Burden and Coping Mechanisms of Cerebral Palsy Caregivers: Qualitative Evidence from Western Kenya

Abstract

The purpose of this study was to explore the burden and coping mechanisms of cerebral palsy caregivers in Western Kenya, where the voices of primary caregivers are scarcely documented. Cerebral palsy (CP) is a chronic condition that arises in childhood and is the most common cause of disability globally, with a prevalence rate estimated at 3.6 per 1000 children. Children with CP aged 3 years and above tend to have multiple disabilities; caring for them can lead to considerable burden requiring several coping mechanisms. This qualitative study explored the burden and coping mechanisms of Cerebral Palsy Caregivers (CPC) through data collected via in-depth interviews with 14 caregivers and focus group discussions with social workers.
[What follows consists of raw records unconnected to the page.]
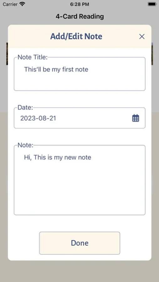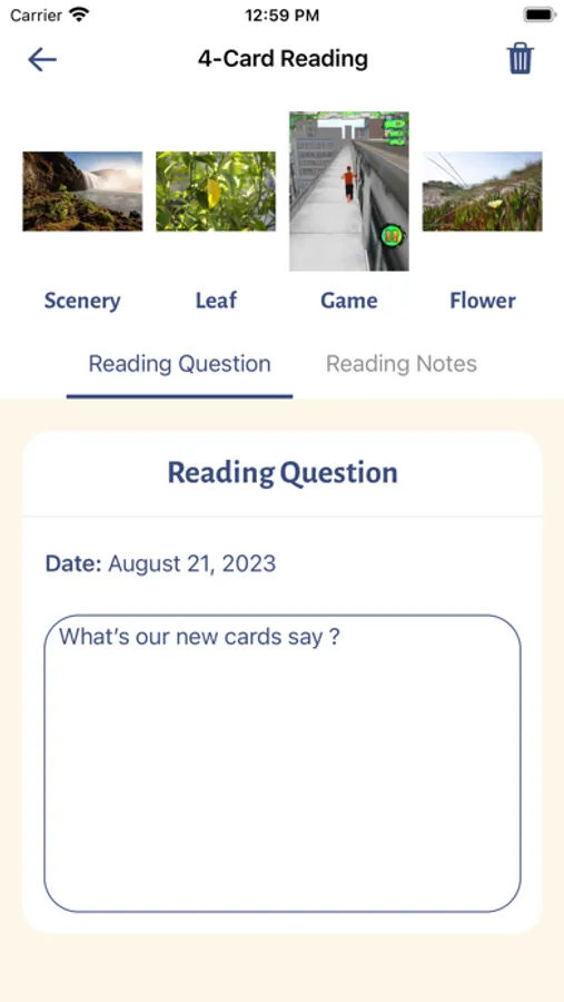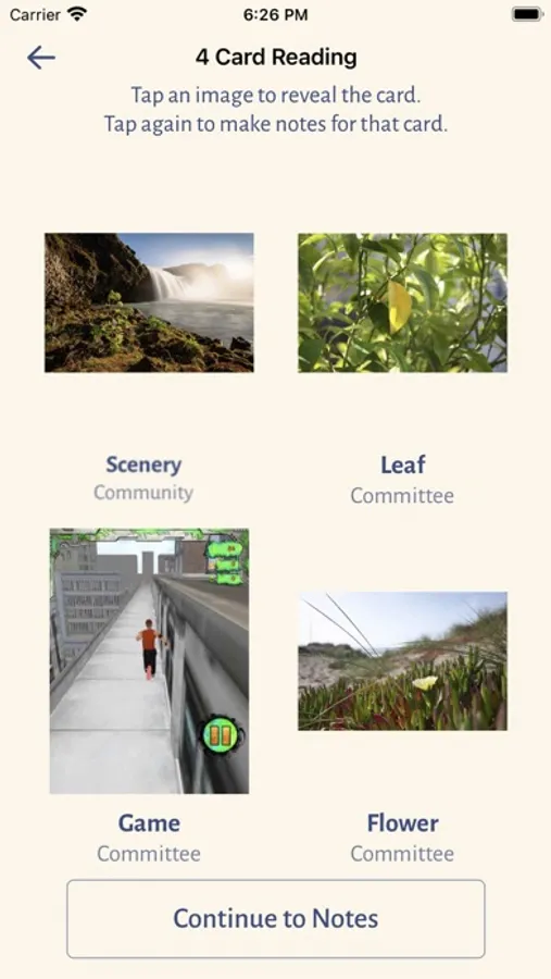 In the 4-Card Reading, enter a meaningful question, then tap and the app will choose four of your cards at random and present them face down. You will tap on the first card to turn it over. Let the card speak to your question, using the SoulCollage® process where we allow the image to speak in its own voice to give you guidance through your own intuition and imagination. You can make notes on each card as you work through the Reading. After looking at all four cards, you continue to make notes on the Reading as a whole. When complete, you can store the reading and its question, date, and notes for later search and access. “SoulCollage” is a registered trademark licensed to Hanford Mead Publishers, Inc. Visit the SoulCollage® website for more information about the SoulCollage® card-making and reading process.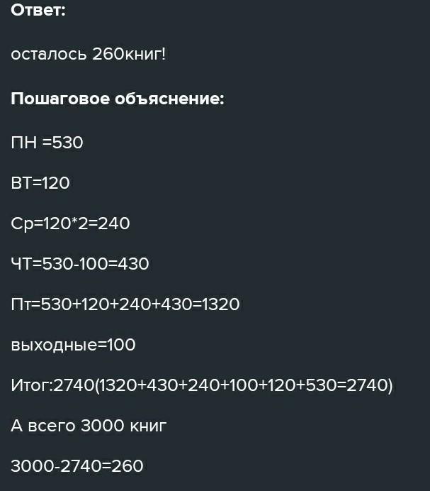 МАТЕМАТИКА В ЖИЗНИ 5 Реши задачу. в книжном интернет-магазине было 3 000 экземпляров на- учной фантастики. На этой неделе в понедельник продали 530 книг, во вторник 120. В среду - в 2 раза больше, чем во вторник. В четверг - на 100 книг меньше, чем в понедель- ник. В пятницу — столько, сколько за период с понедельника по четверг. В выходные ещё 100 книг. Остались ли ещё экземпляры научной фантастики в магазине и сколько? помогите даю 50баллов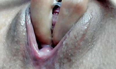 Eating and humping a meaty crevasse of a young mom after pissing. Close-up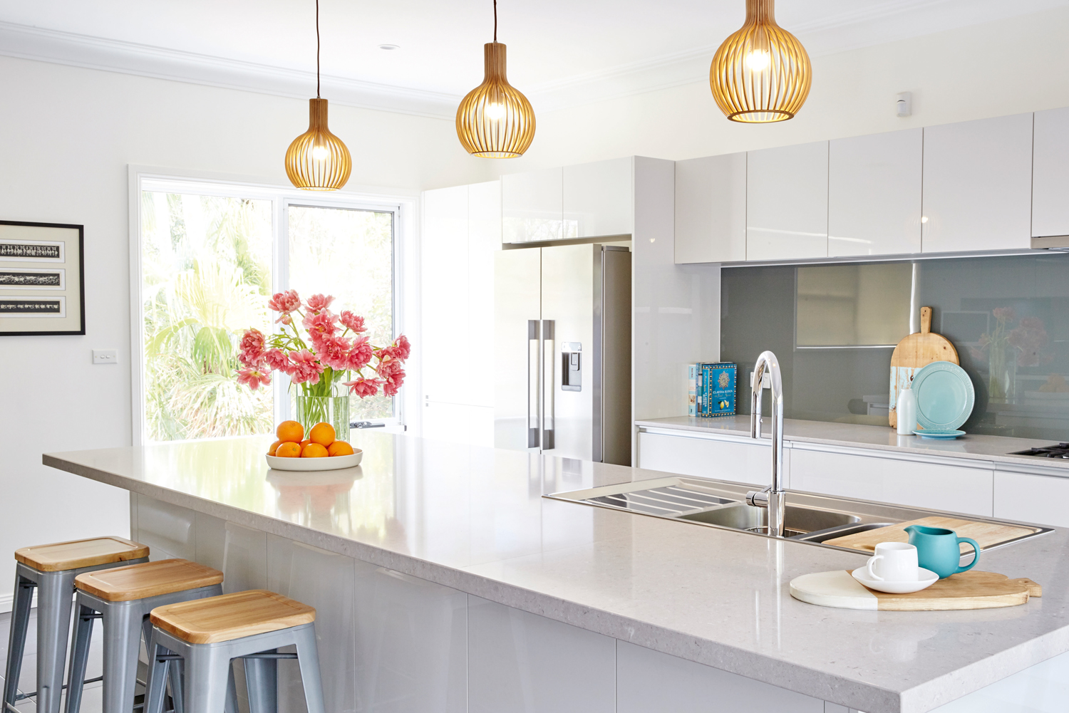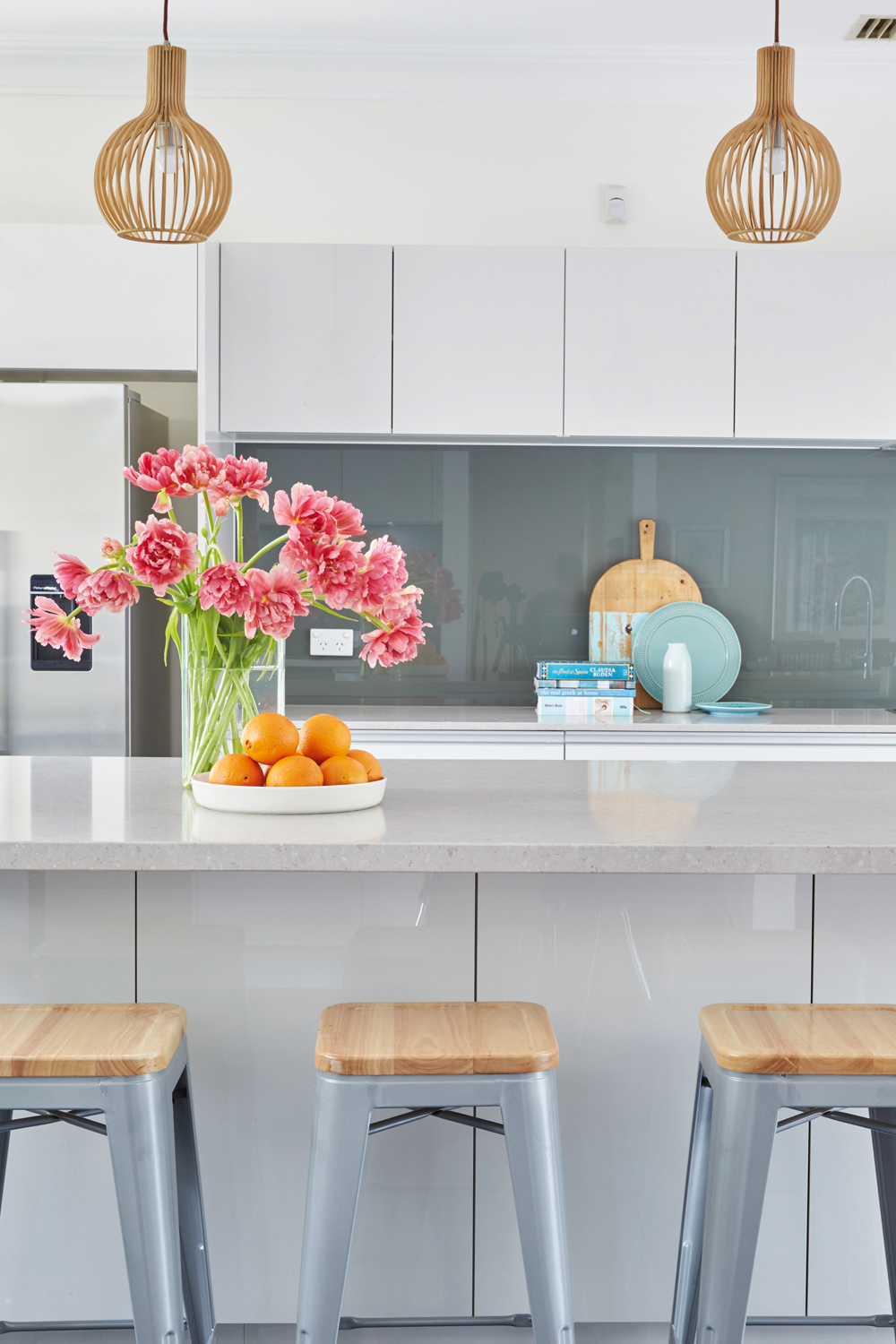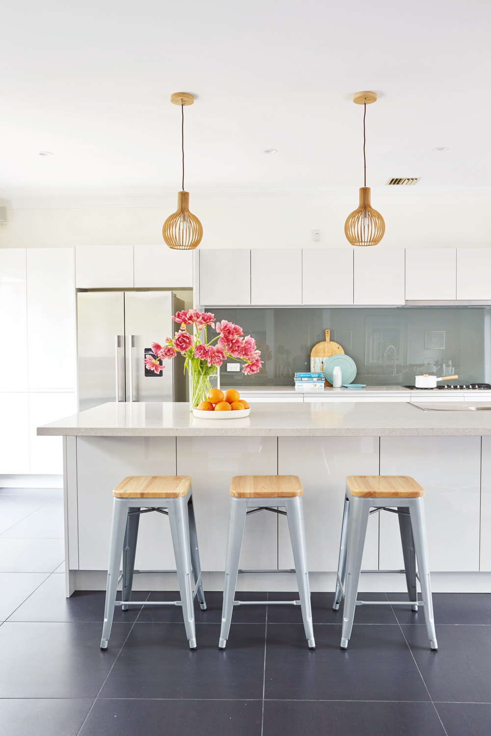 “Originally a small, closed-in space, this gorgeous neutral kitchen has been opened up considerably to create a light-filled, open room perfectly suited to a big household.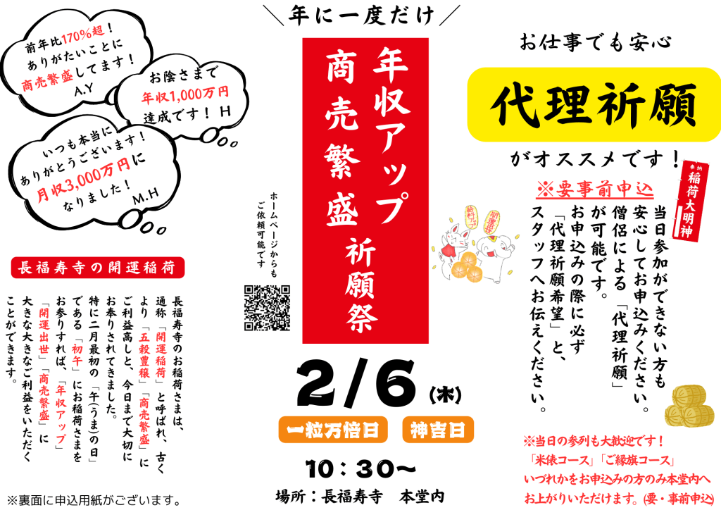 【〆切まであと20日】年に一度『年収アップ』『商売繫盛』の祈願祭~初午祭~

Purposive convenience sampling was used to select caregivers and social workers from a special school for children with CP in Kakamega County, Kenya. Data was audio-recorded, transcribed, and analysed thematically, with presentation done through verbatim excerpts. Results showed that burdens were financial, psychosocio-cultural and physical, while parents coped through religion, social support groups, medical intervention and self-acceptance. In conclusion, caregivers of children with cerebral palsy face multidimensional burdens that are particularly complex in low- and middle-income settings like Western Kenya. The study recommends awareness creation to communities to positively impact caregiver well-being, with quantitative studies needed to support these findings.